(PROBLEM TO SOLVE)
The answer is the line containing "参观结束后,调研全体师生同乾" plus every line after it to the end of the material, retyped exactly and without the pictures.

(INPUT DATA)
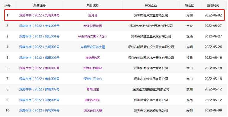 位于光明城高铁站附近的特发观月台,今日(6月2日)获得预售许可证,项目共备案359套住宅房源,户型建面段约78-108平,单价区间约4.32-5.08万/平,均价约4.69万/平,总价约337-550万/套,毛坯交付。
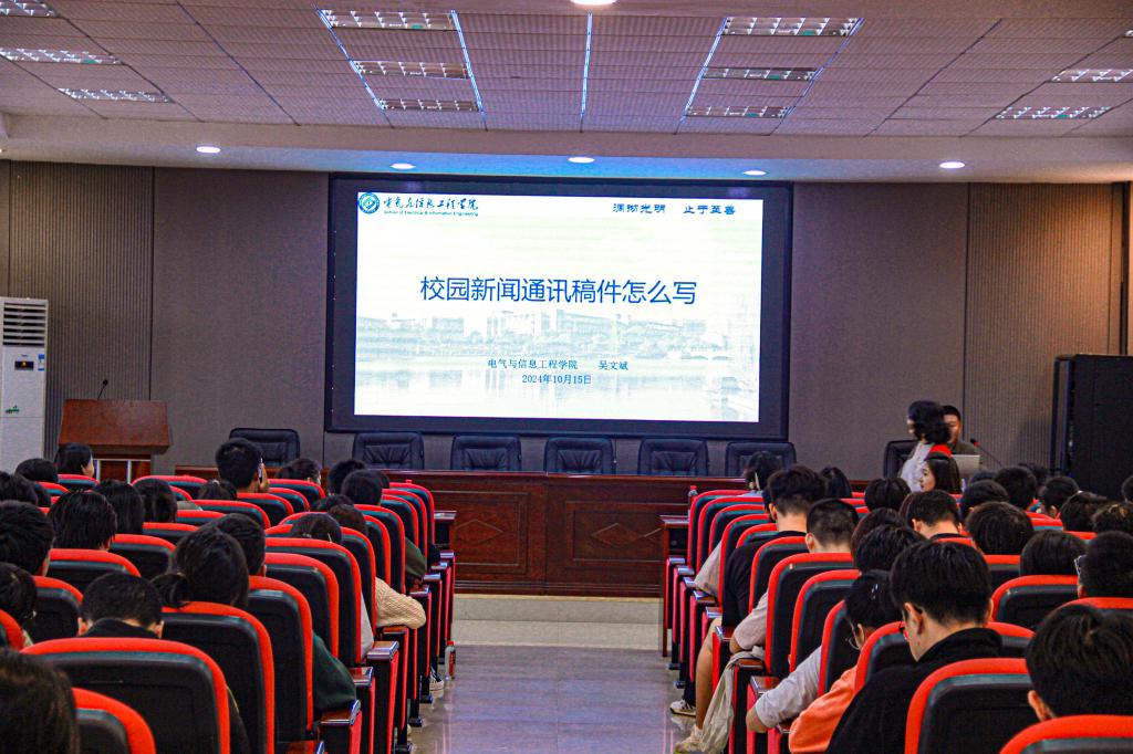 10月15日下午,学院2024年宣传工作培训在工科一号楼B503报告厅举行。院党委副书记周巍出席并总结讲话,学院组织员吴文斌应邀主讲,学院机关全体工作人员及分团委、学生会、研究生会、学生党建、年级分会学生干部及各年级团支部组织宣传委员共210余人参加。会议由分团委书记田孟萍主持。
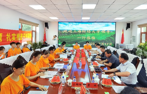 参观结束后,调研全体师生同乾安县政府副县长于振军、乾安县政府办公室副主任刘富臣、乾安县农业农村局局长冯立国、大遐畜牧场党委书记兼董事长刘子良等地方代表围绕本次千村调研开展座谈会。
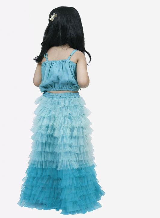 Elaisha Woven Sleeveless Placement Embroidered Top With Net lehenga-Blue

(ANSWER TO THE EXERCISE)
 参观结束后,调研全体师生同乾安县政府副县长于振军、乾安县政府办公室副主任刘富臣、乾安县农业农村局局长冯立国、大遐畜牧场党委书记兼董事长刘子良等地方代表围绕本次千村调研开展座谈会。
 Elaisha Woven Sleeveless Placement Embroidered Top With Net lehenga-Blue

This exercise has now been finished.